PHONON SUPPRESSION OF COHERENCE PEAK IN NUCLEAR-SPIN RELAXATION RATE OF SUPERCONDUCTORS

THE temperature dependence of the nuclear spin relaxation rate 1/T(1) peaks sharply (the 'Hebel-Slichter' or 'coherence' peak) just below the transition temperature T(c) of a superconductor 1. Because the observation 2 of this peak definitively confirmed BCS theory 3, its absence 4-6 in the high-T(c) oxide superconductors is the best evidence against a BCS picture. Here we show that, to the contrary, an extended form of BCS theory gives a natural explanation. Using the extension by Migdal 7 and Eliashberg 8 to retarded interactions (for phonon coupling, the attraction between electrons propagates at the speed of sound, slower than the Fermi velocity of electrons), we predict unexpectedly strong damping effects in all dynamical properties when the temperature T is close to T(c).
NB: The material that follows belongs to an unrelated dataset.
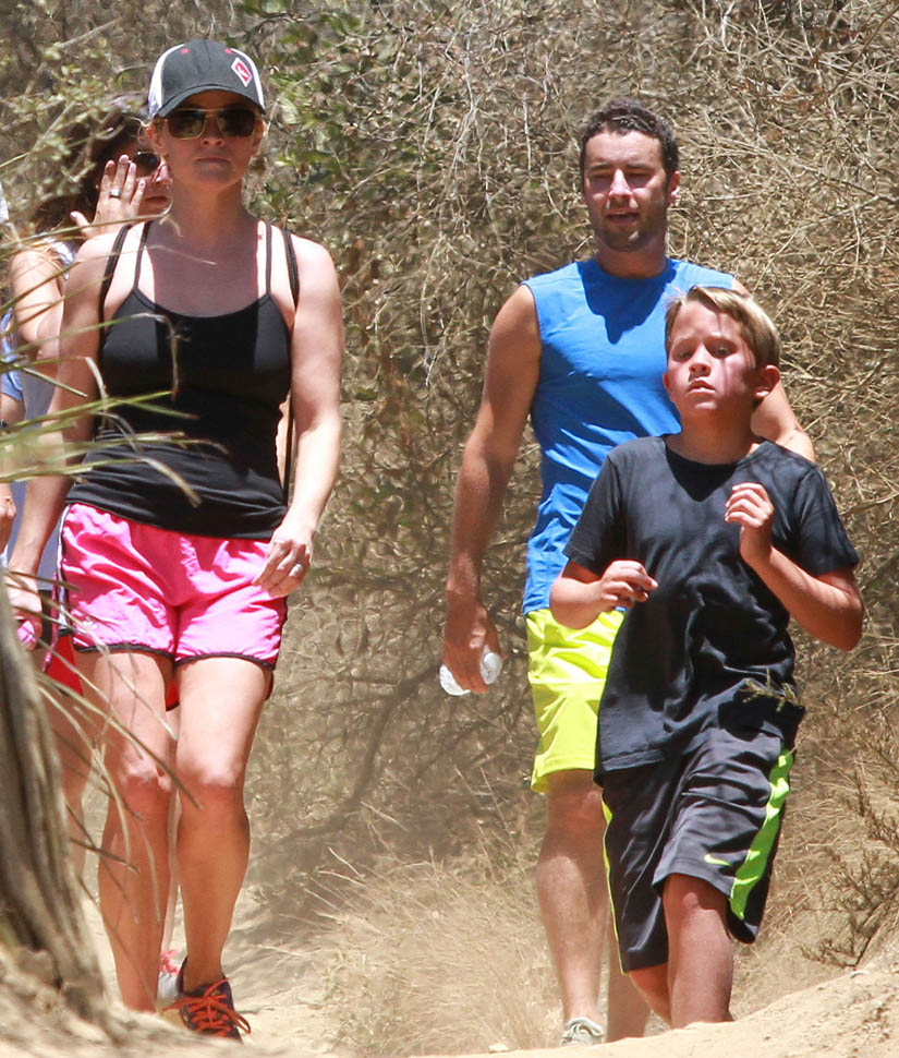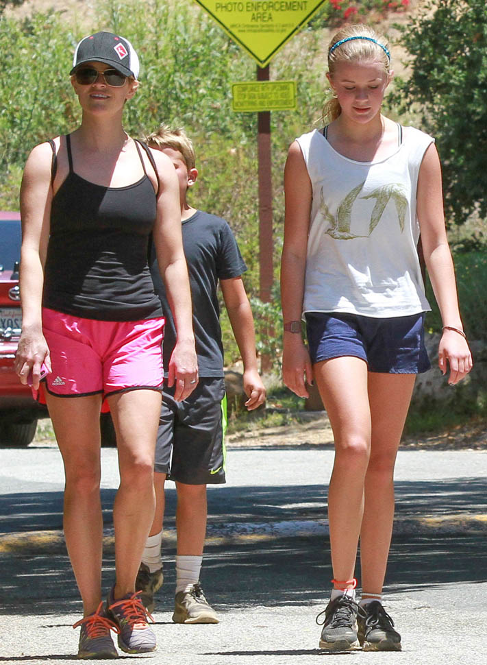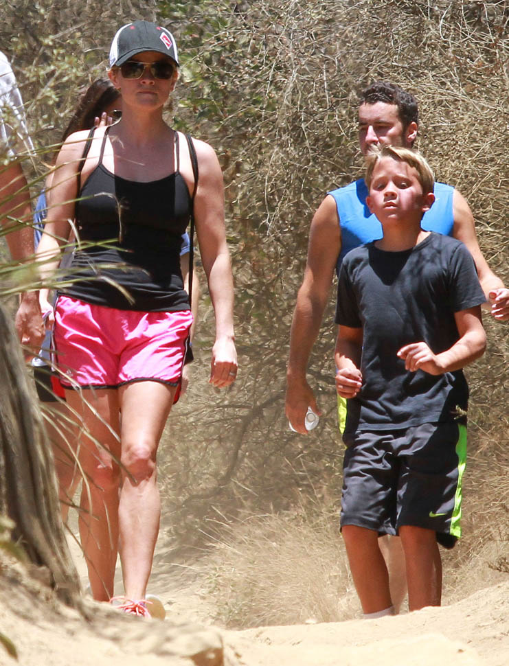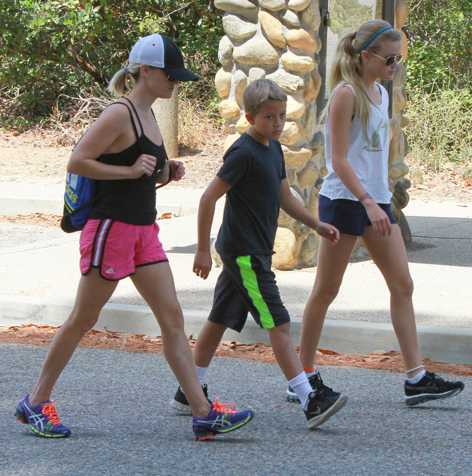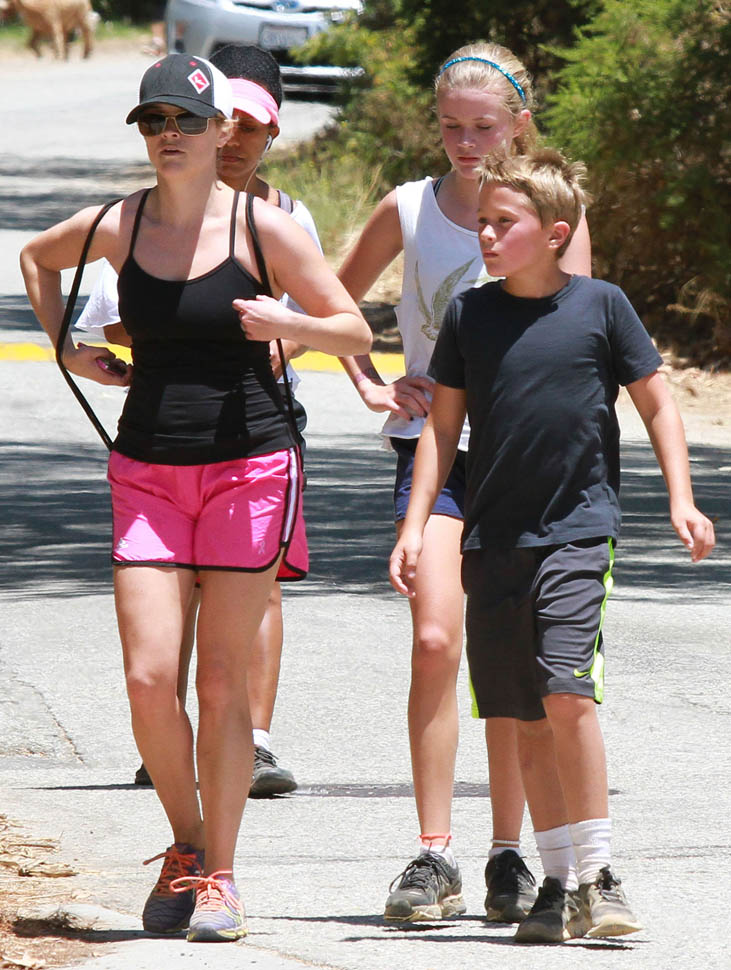 Attached - Reese Witherspoon hiking with her children on the weekend.

The origin of the damping (which suppresses the coherence peak) is numerous electron-phonon decay channels open to excitations because of the high T(c) itself. This process still works even if another source of attraction beyond electron-phonon coupling causes the high T(c). Thus our observations remove a barrier inhibiting conventional descriptions of high-T(c) materials, but by no means force such as interpretation.